LaborPress

On January 9, 2023 the New York City council held a hearing to discuss the proposed changes to the Administrative Code 12-126 that will impact on almost three-hundred thousand retirees, Intro 0874. At this hearing, city retirees expressed their disagreement with New York City switching retirees from Senior Care to Medicare Advantage. NYC is claiming changeover is need for healthcare savings. Over 200, mostly retirees, signed up to testify in person or virtual. The city’s move to switch retirees to a privatized Medicare Advantage plan is facing fierce opposition and could become a national embarrassment for New York City.
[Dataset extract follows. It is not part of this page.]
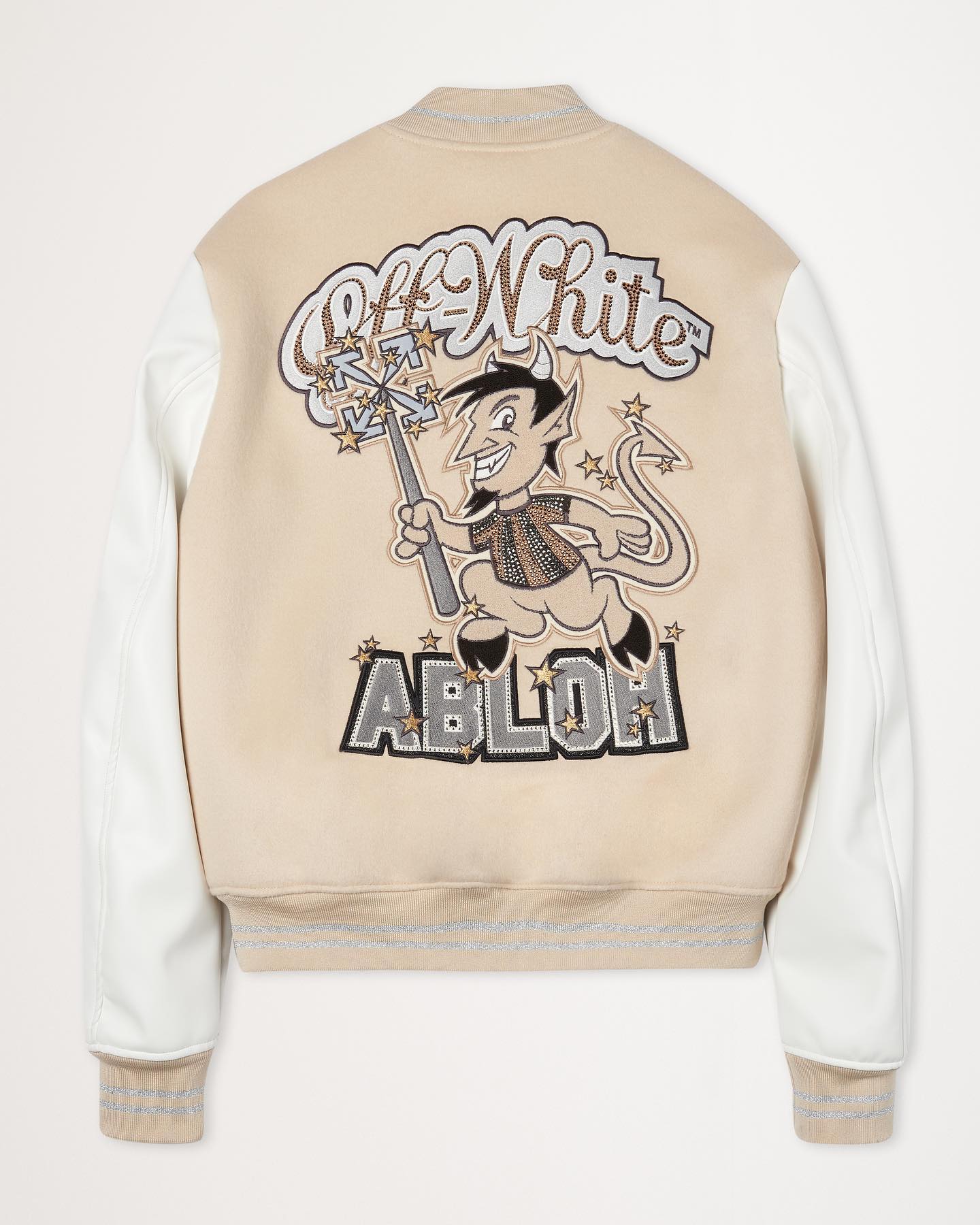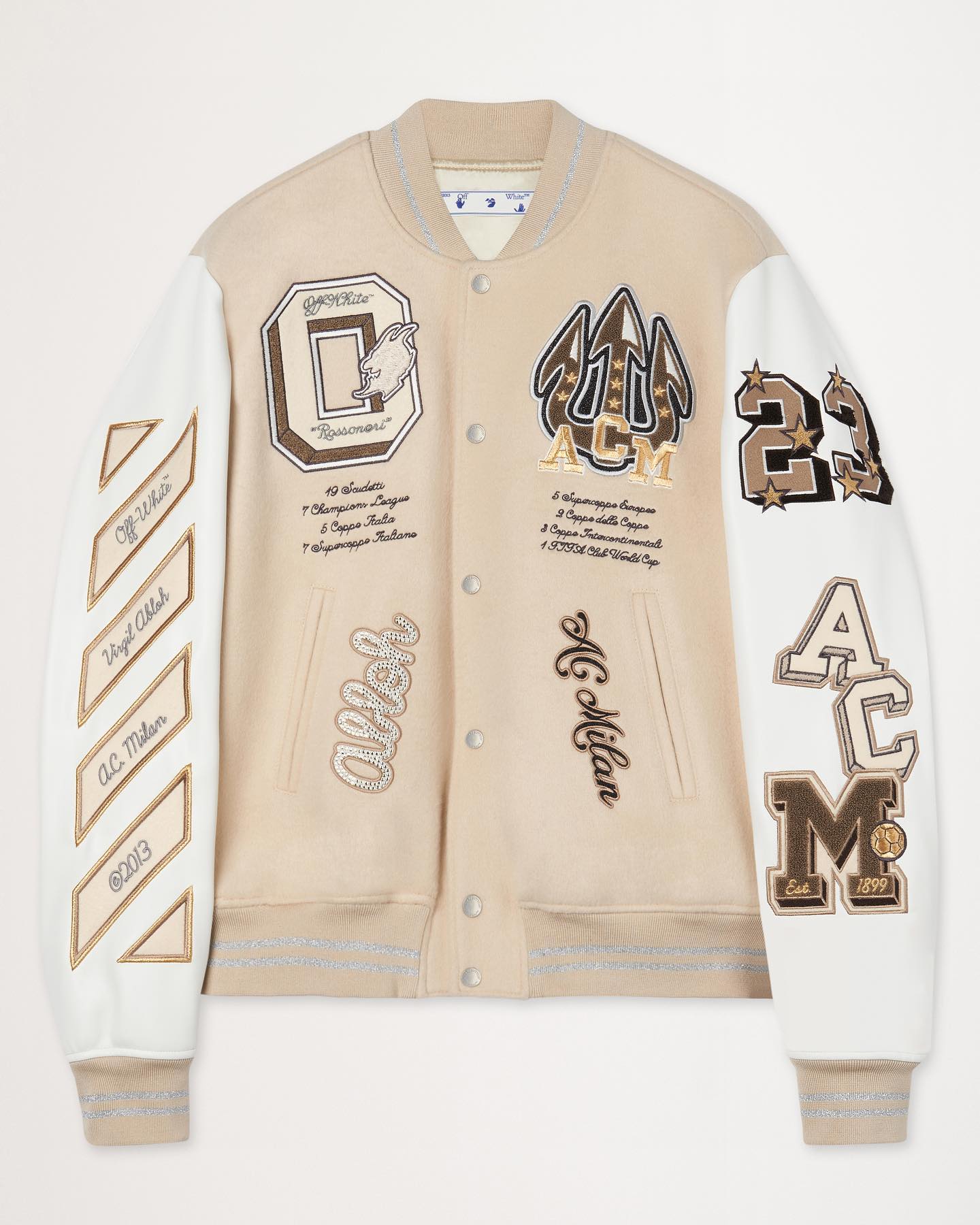 全身由白色皮革覆盖,印有图形装饰贴片设计,其中包括右袖上经典的 OFF-WHITE 条纹和左袖上的 “ACM” 字样。

While over 100 seniors attended the hearing, thousands demonstrated outside the New York City Council complex.

The City Council is considering elimination of Administrative Code 12-126. This would allow those retirees that could afford the $191 a month charge, to opt out of Medicare Advantage and keep their current Senior Care insurance. Throughout the years, healthcare has been included in union negotiations for both active and retired New York City employees. City retirees that enrolled in Medicare receive EmblemHealth Senior Care as a supplemental coverage. With the City’s Joint Health Insurance Premium Stabilization Fund becoming depleted, NYC and municipal unions looked at possibilities to reduce healthcare costs. The planned switch from retirees’ current Medicare plans to privatized Medicare Advantage was agreed in 2018 by the Municipal Labor Committee in negotiations with former Mayor Bill de Blasio in an effort reduce healthcare costs. These plans offer lower premiums by controlling approval for operations, having limited doctor networks, and charging fees. The city estimated a savings of $600 million dollars by moving retirees to Medical Advantage and requiring seniors to pay $191 a person to continue on Senior Care. It’s certainly easier to impose healthcare changes and costs on retirees that do not vote for labor leadership than active members.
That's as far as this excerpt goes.